Loss of a proteostatic checkpoint in intestinal stem cells contributes to age-related epithelial dysfunction

• Published in: Nature communications Vol. 10; no. 1; p. 1050
• Main Authors: Rodriguez-Fernandez, Imilce A, Qi, Yanyan, Jasper, Heinrich
• Format: Journal Article
• Language: English
• Published: England Nature Publishing Group 05.03.2019; Nature Publishing Group UK; Nature Portfolio
• Subjects: Aging; Aging - physiology; Animals; Animals, Genetically Modified; Cell cycle; Cell Cycle Checkpoints - physiology; Drosophila; Drosophila melanogaster; Drosophila Proteins - metabolism; Epithelial Cells - physiology; Epithelium - physiology; Female; Homeostasis; Intestinal Mucosa - cytology; Intestinal Mucosa - physiology; Intestine; Life span; Longevity; Nuclear Proteins - metabolism; Overexpression; Proteins; Proteolysis; Proteostasis - physiology; Repressor Proteins - metabolism; Stem cells; Stem Cells - physiology; Transcription activation
• ISSN: 2041-1723; 2041-1723
• DOI: 10.1038/s41467-019-08982-9

A decline in protein homeostasis (proteostasis) has been proposed as a hallmark of aging.
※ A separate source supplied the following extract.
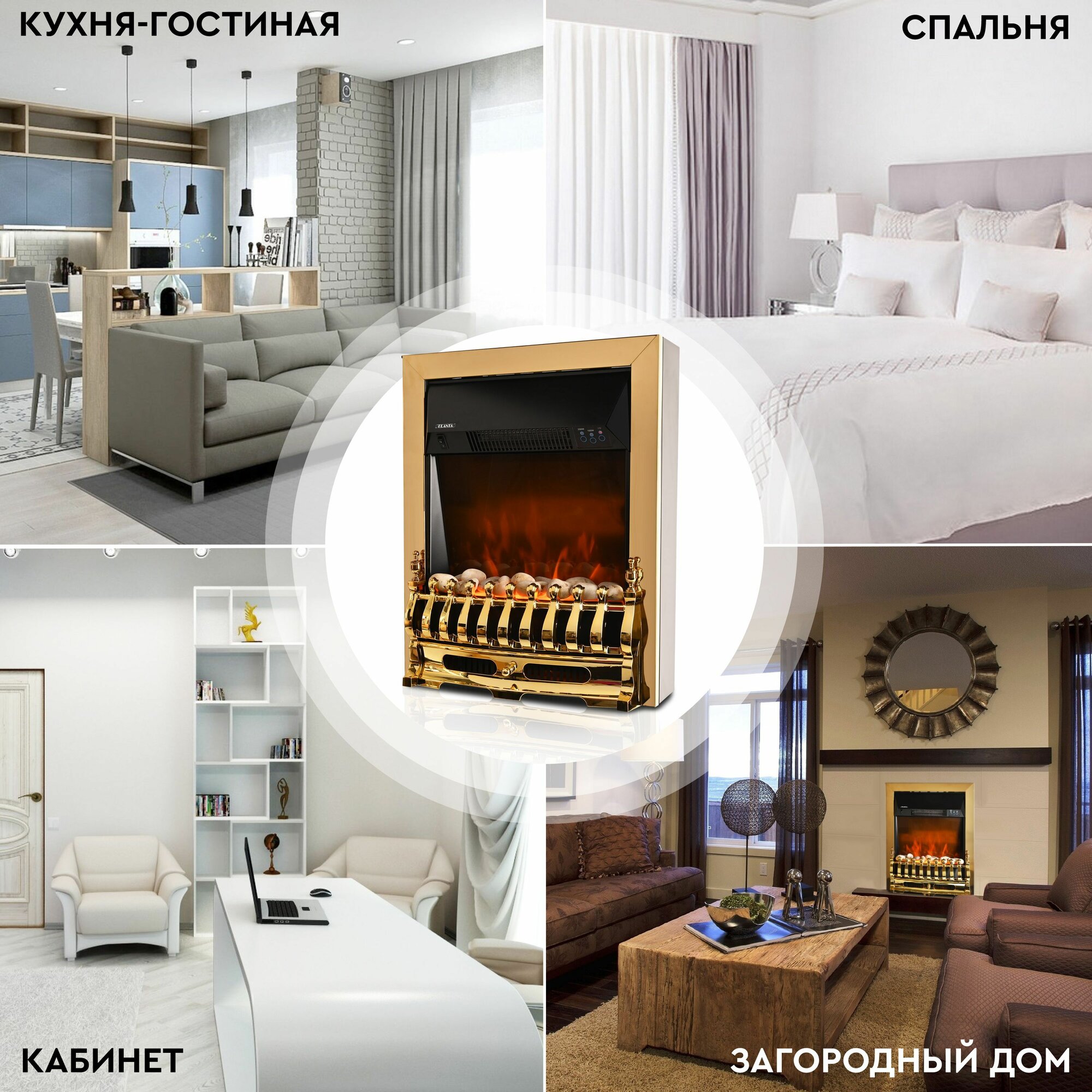 Купить PLANTA Электрокамин PFP-FS400, отдельностоящий / встраиваемый камин электрический, пять уровней яркости пламени Real Life, цвет-золото

Somatic stem cells (SCs) uniquely maintain their proteostatic capacity through mechanisms that remain incompletely understood. Here, we describe and characterize a 'proteostatic checkpoint' in Drosophila intestinal SCs (ISCs). Following a breakdown of proteostasis, ISCs coordinate cell cycle arrest with protein aggregate clearance by Atg8-mediated activation of the Nrf2-like transcription factor cap-n-collar C (CncC). CncC induces the cell cycle inhibitor Dacapo and proteolytic genes. The capacity to engage this checkpoint is lost in ISCs from aging flies, and we show that it can be restored by treating flies with an Nrf2 activator, or by over-expression of CncC or Atg8a. This limits age-related intestinal barrier dysfunction and can result in lifespan extension. Our findings identify a new mechanism by which somatic SCs preserve proteostasis, and highlight potential intervention strategies to maintain regenerative homeostasis.